Milley, and the Pentagon with him, hopes to do the same now by bringing together emergent capabilities like robotics, AI, cyber and space platforms, and precision munitions into a cohesive doctrine of war.
By being the first to integrate these technologies into a new concept, Milley says, the United States can rule the future battlefield.
The Pentagon’s quest for an AI-dominated battlefield is becoming a reality
Epoch Times, By Andrew Thornebrooke, April 20, 2023
WASHINGTON—Robotic killing machines prowl the land, the skies, and the seas. They are fully automated, seeking out and engaging with adversarial robots across every domain of war. Their human handlers are relegated to the rearguard, overseeing the action at a distance while conflicts are fought and won by machines.
Far from science fiction, this is the vision of Joint Chiefs of Staff Chairman Gen. Mark Milley.
The United States, according to Milley, is in the throes of one of the myriad revolutions in military affairs that have spanned history.
Such revolutions have spanned from the invention of the stirrup to the adoption of the firearm to the deployment of mechanized maneuver warfare and, now, to the mass fielding of robotics and artificial intelligence (AI).
It is a shift in the character of war, Milley believes, greater than any to have come before.

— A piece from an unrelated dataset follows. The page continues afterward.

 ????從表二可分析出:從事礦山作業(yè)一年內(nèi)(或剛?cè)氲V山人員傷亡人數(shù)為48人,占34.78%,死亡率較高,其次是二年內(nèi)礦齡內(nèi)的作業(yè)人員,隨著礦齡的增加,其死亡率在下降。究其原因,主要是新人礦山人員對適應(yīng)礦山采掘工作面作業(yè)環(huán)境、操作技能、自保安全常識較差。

“Today we are in … probably the biggest change in military history,” Milley said during a March 31 discussion with Defense One.
“We’re at a pivotal moment in history from a military standpoint. We’re at what amounts to a fundamental change in the very character of war.”

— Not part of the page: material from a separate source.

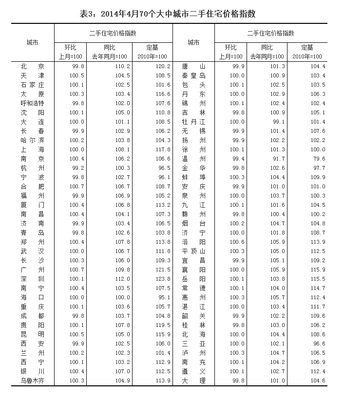 3、調(diào)查方法。70個大中城市的新建住宅銷售價格、面積、金額等資料直接采用當?shù)胤康禺a(chǎn)管理部門的網(wǎng)簽數(shù)據(jù)。二手住宅銷售價格調(diào)查為非全面調(diào)查,采用重點調(diào)查和典型調(diào)查相結合的方法,按照房地產(chǎn)經(jīng)紀機構上報、房地產(chǎn)管理部門提供與調(diào)查員實地采價相結合的方式收集基礎數(shù)據(jù)。

Robotic Armies in 10 Years
Many would no doubt be more comfortable with the idea of robots battling for the control of Earth if it were in a science-fiction novel or on a movie screen rather than on the list of priorities of the military’s highest-ranking officer.
Milley believes, however, that the world’s most powerful armies will be predominantly robotic within the next decade, and he means for the United States to be the first across that cybernetic Rubicon.

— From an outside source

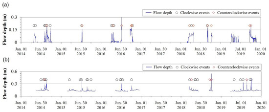 We examined the bedload hysteresis relationship using 54 rainfall events with good hydrophone responses (Figure 11). In the burned catchment, we identified hysteric patterns in the flow depth-pulse relationship in the clockwise direction in 14 cases, whereas in the counterclockwise direction in 12 cases (Figure 11a). However, we could not determine the dominant hysteresis pattern of the monitoring period because of missing data. In 2014, 1 year after the fire, we observed a dominant clockwise hysteresis pattern with decreasing pulse response before the peak flow depth at 87.5%. In 2016, however, we identified both a clockwise and counterclockwise pattern, with the counterclockwise pattern increasing to 67.7% in 2018. In contrast, in the unburned catchment, we identified 24 and 5 cases of hysteric patterns in the clockwise and counterclockwise directions, respectively, with the occurrence of clockwise hysteresis patterns accounting for 82.8% (Figure 11b). When the burned catchment monitoring during the year 2013, right after the wildfire, was excluded, the fire impact was estimated to be strongest during the 2014 rainy season [9,14,16,17]. However, the hysteric loop of the flow depth-pulse relationship was not discriminated between the burned and unburned catchments.

“Over the next ten to fifteen years, you’ll see large portions of advanced countries’ militaries become robotic,” Milley said. “If you add robotics with artificial intelligence and precision munitions and the ability to see at range, you’ve got the mix of a real fundamental change.”
“That’s coming. Those changes, that technology … we are looking at inside of 10 years.”
That means that the United States has “five to seven years to make some fundamental modifications to our military,” Milley says, because the nation’s adversaries are seeking to deploy robotics and AI in the same manner, but with Americans in their sights.
The nation that gets there first, that deploys robotics and AI together in a cohesive way, he says, will dominate the next war.
“I would submit that the country, the nation-state, that takes those technologies and adapts them most effectively and optimizes them for military operations, that country is probably going to have a decisive advantage at the beginning of the next conflict,” Milley said.
The global consequences of such a shift in the character of war are difficult to overstate.
Milley compared the ongoing struggle to form a new way of war to the competition that occurred between the world wars
In that era, Milley says, all the nations of Europe had access to new technologies ranging from mechanized vehicles to radio to chemical weapons. All of them could have developed the unified concept of maneuver warfare that replaced the attrition warfare which had defined World War I.
But only one, he said, first integrated their use into a bona fide new way of war.
“That country, Nazi Germany, overran Europe in a very, very short period of time … because they were able to take those technologies and put them together in a doctrine which we now know as Blitzkrieg,” he said.
Blitzkrieg 2040
Milley, and the Pentagon with him, hopes to do the same now by bringing together emergent capabilities like robotics, AI, cyber and space platforms, and precision munitions into a cohesive doctrine of war.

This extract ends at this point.